Of similar construction, FIG. 10 shows another chisel embodiment at 40. The chisel 40 is constructed with the insert body 41 which is formed of the WC particles in the supportive matrix. This construction utilizes a back face 42 and a symmetrical front face 43. As shown in the sectional view of FIG. 12, the two faces are at equal but opposite angles. The defines an edge 44 which transects the circular insert 40. It is not an edge in the sense that a knife has an edge; it is an edge in the same sense as a chisel. It is an edge which is exposed for cutting, and so that the edge will have substantial life, the PDC layer 45 is placed over the edge 44 and both the faces 42 and 43.

FLAT INSERT CONSTRUCTION

The numeral 50 refers to a flat insert. This insert incorporates an insert body 51 formed of WC material to serve as a very hard structure. The tip of the insert is a conic portion 52. The tip is flattened at a central portion 53. This defines a circular shoulder 54 better shown in FIG. 14. PDC material 55 is placed over the end of the insert. This particular embodiment is constructed with a conic portion similar to the embodiments 10 and 20 previously mentioned. The conic aspect is terminated differently in the embodiment 50 by the flat face.

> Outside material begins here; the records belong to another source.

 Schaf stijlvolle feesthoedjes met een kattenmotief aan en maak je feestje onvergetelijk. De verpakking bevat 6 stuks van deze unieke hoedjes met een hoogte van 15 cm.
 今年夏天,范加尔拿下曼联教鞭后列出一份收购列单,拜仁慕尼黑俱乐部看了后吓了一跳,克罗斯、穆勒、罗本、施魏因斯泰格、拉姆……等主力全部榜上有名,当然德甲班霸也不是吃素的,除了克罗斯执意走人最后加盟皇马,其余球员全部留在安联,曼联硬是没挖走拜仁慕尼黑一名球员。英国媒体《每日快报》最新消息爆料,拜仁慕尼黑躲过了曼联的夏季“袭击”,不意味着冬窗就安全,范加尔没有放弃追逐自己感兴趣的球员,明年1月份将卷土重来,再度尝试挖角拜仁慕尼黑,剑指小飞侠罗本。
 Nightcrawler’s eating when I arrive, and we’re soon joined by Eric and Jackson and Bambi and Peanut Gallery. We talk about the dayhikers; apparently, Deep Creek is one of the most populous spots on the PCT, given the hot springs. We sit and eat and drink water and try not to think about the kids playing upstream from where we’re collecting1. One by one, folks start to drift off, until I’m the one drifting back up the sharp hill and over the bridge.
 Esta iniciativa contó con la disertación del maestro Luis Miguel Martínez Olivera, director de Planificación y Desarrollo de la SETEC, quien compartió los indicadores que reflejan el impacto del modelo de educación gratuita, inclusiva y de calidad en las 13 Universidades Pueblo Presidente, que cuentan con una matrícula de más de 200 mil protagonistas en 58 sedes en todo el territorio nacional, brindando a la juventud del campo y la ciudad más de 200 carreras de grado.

Consider now the differences in the embodiment 10, 20, 30, 40 50. The embodiments 10, 20 and 50 have conic portions which are covered with the PDC material. The conic tips 12 and 22 terminate at the hemispheric regions 13 and 23. They are similar except for the difference in the tip diameter. By contrast, the embodiment 50 is constructed with a flat face.

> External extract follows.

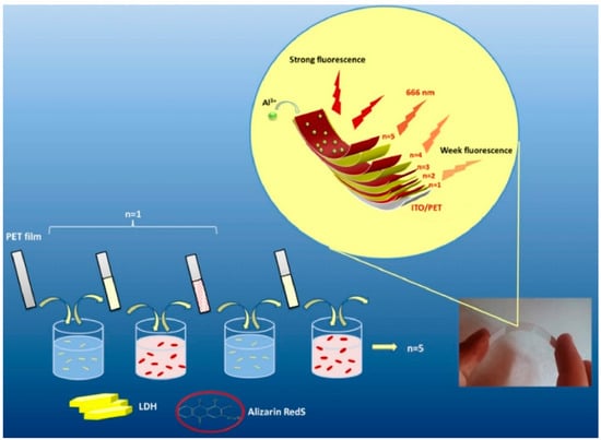 Investigations have been conducted on layered materials, such as layered double hydroxide (LDH) [316,317], in view of their diverse functionalities, including dye intercalation. For example, the development of an Al3+ detection sensor by LbL assembly of LDH and dyes has been reported by Rouhani and co-workers (Figure 12) [318]. Despite the fact that toxic Al3+ ions have serious effects on the human nervous system, such as those related to Alzheimer’s disease, the development of solid electrodes for sensor-based Al3+ detection is not necessarily sufficient. In this study, electrochemical solid-state sensors based on flexible ITO-coated polyethylene terephthalate (PET) substrates were designed and constructed. The sensing element consists of Mg–Al LDH nanoplatelets and Alizarin Red S (ARS), fabricated by LbL assembly. ARS, an electroactive organic unit present in the layered (ARS/LDHs)n matrix, can detect the electrochemical changes of the Al chelating system when exposed to the target Al3+. The LbL sensor exhibits high sensitivity and selectivity in detecting Al3+ through both electrochemical and optical methods, thereby combining the characteristics of cyclic voltammetry and fluorescence-based optical methods. This system has the potential to serve as a methodology for biotechnological diagnostics.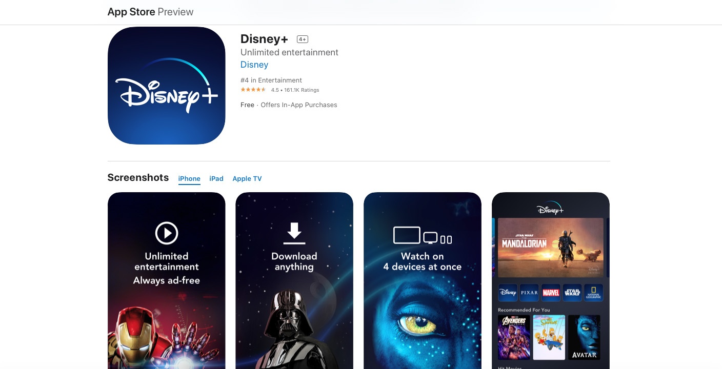 Applen iOS-kännykällä tai -tabletilla tai Apple TV:llä sovellus ladataan App Storesta: https://apps.apple.com/us/app/disney/id1446075923

The two chisels 30 and 40 are somewhat different. They are provided with front and back faces. They also define cutting edges 34 and 44 in the two embodiments. These edges have approximately the same length. There is a tendency however to have different wear rates depending on the types of materials being drilled by the two different inserts 30 and 40.

One significant advantage of the embodiments described above is that the hemispherical projection in embodiments 10 and 20 reduces the amount of shear stress applied to the polycrystalline layers 14 and 24. As a matter of geometry, the hemispherical shape of the projection will tend to experience forces which are normal to the surface of the polycrystalline surface rather than forces which shear across its face. Without the hemispherical protrusion, the planar layer interface between the joined materials will be subjected to shear forces tending to break off the outer PDC tip. The break line is at the interface between the joined dissimilar materials. For example, as a drill bit rotates about its axis, the hemispherical projection will cut against the working face of the rock with a shattering impact of substantial shock. The apex or outermost portion of the cutting element will continue to experience impact loading forces during drilling. In this invention, the hemispherical projection helps to prevent delamination of the polycrystalline layer from the metal carbide stud.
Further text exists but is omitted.